Well done Ron... I like it, but definitely want to see better pics.


----------



## mile2424 (Jul 17, 2008)

you can also see in the S-WORKS that there is a faint text of the former world champions like the article said, and you can tell there is a rainbow sparkle over the black, that probably looks pretty cool when the sun hits it.


----------



## TricrossRich (Mar 26, 2014)

mile2424 said:


> you can also see in the S-WORKS that there is a faint text of the former world champions like the article said, and you can tell there is a rainbow sparkle over the black, that probably looks pretty cool when the sun hits it.


agreed....


----------



## Bad Ronald (May 18, 2009)

These pics are extremely low-res but you can see the rainbow effect in the paint in the photos.


----------



## TricrossRich (Mar 26, 2014)

do those attachments work for anyone else? whenever anyone attaches photos, I can't see them. I assume I'm doing something wrong.


----------



## mile2424 (Jul 17, 2008)

I can see them. The rainbow flakes look nice!


----------



## jumma (Dec 4, 2014)

I don't like the new Venge for looks myself. Hate the head tube design.
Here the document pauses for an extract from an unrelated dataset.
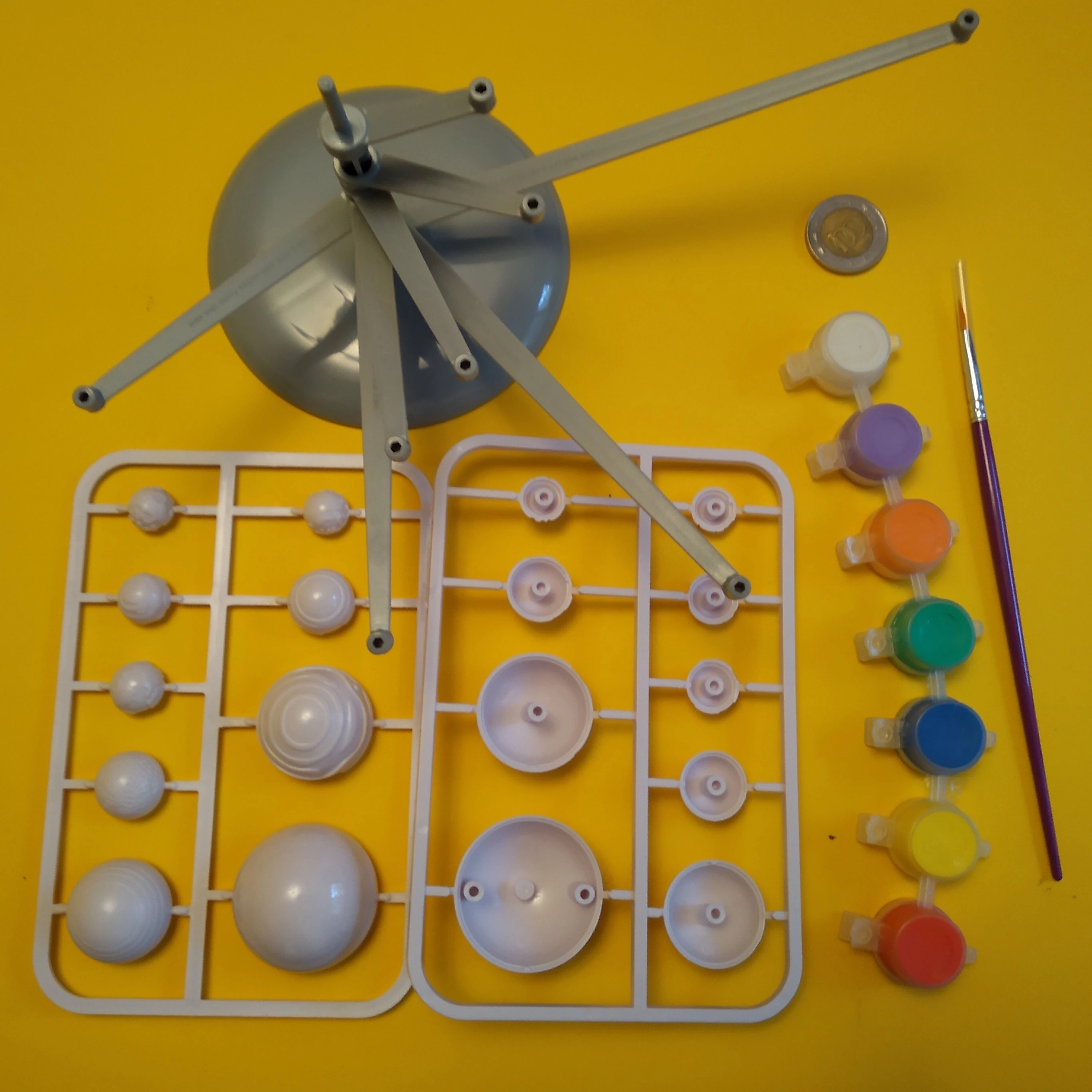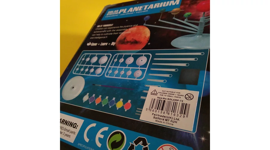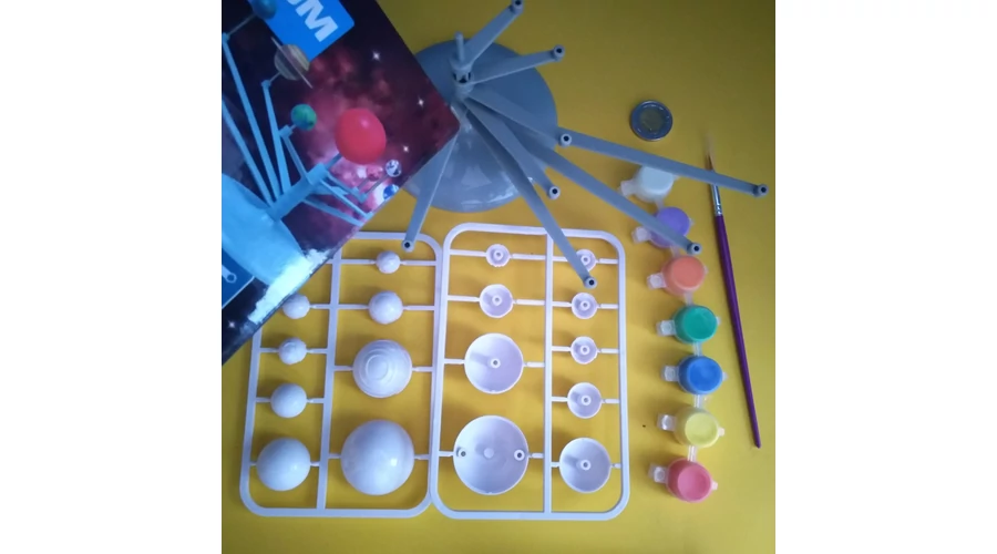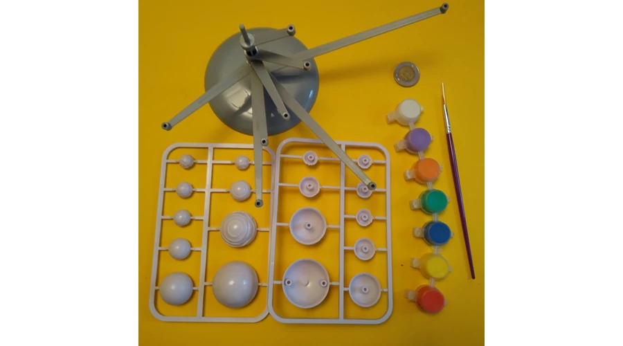 Kifesthető naprendszermodell forgókarokkal, fluoreszkáló

But that's just me I guess


----------



## TricrossRich (Mar 26, 2014)

Now I can see them... very cool.


----------



## love4himies (Jun 12, 2012)

Bad Ronald said:


> View attachment 309692
> View attachment 309693
> View attachment 309694
> 
> ...


That is pretty cool.


----------



## packetloss (Jun 2, 2014)

It's funny that they even stopped pretending the new Venge was any good.


----------



## eugenetsang (Jun 9, 2011)

When the first batch of PR pics floated around the internet with Sagan posing with the bike, I wasn't too amazed by it. It was similar to the "Kwaito Edition" tarmac, which I liked more. White frame with rainbow paint splatter was great! 

But the more I analyzed Sagan's new tarmac, the more I appreciated it! Rainbow glitters, previous champs etched into the SWorks logo, and transferring the subtle camo theme/rainbow was a classy touch!
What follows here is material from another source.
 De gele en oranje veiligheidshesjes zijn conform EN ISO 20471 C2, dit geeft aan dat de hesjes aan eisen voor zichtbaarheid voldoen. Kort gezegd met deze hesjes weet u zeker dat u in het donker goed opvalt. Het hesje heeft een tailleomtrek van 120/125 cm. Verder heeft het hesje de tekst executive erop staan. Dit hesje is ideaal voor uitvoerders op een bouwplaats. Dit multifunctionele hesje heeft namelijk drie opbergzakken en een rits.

Pretty sure this isn't a 1 of 1 bike... How will guys keep up with the quality control of this amazing frame?!?!


----------



## TricrossRich (Mar 26, 2014)

eugenetsang said:


> When the first batch of PR pics floated around the internet with Sagan posing with the bike, I wasn't too amazed by it. It was similar to the "Kwaito Edition" tarmac, which I liked more. White frame with rainbow paint splatter was great!
> 
> But the more I analyzed Sagan's new tarmac, the more I appreciated it! Rainbow glitters, previous champs etched into the SWorks logo, and transferring the subtle camo theme/rainbow was a classy touch!
> 
> Pretty sure this isn't a 1 of 1 bike... How will guys keep up with the quality control of this amazing frame?!?!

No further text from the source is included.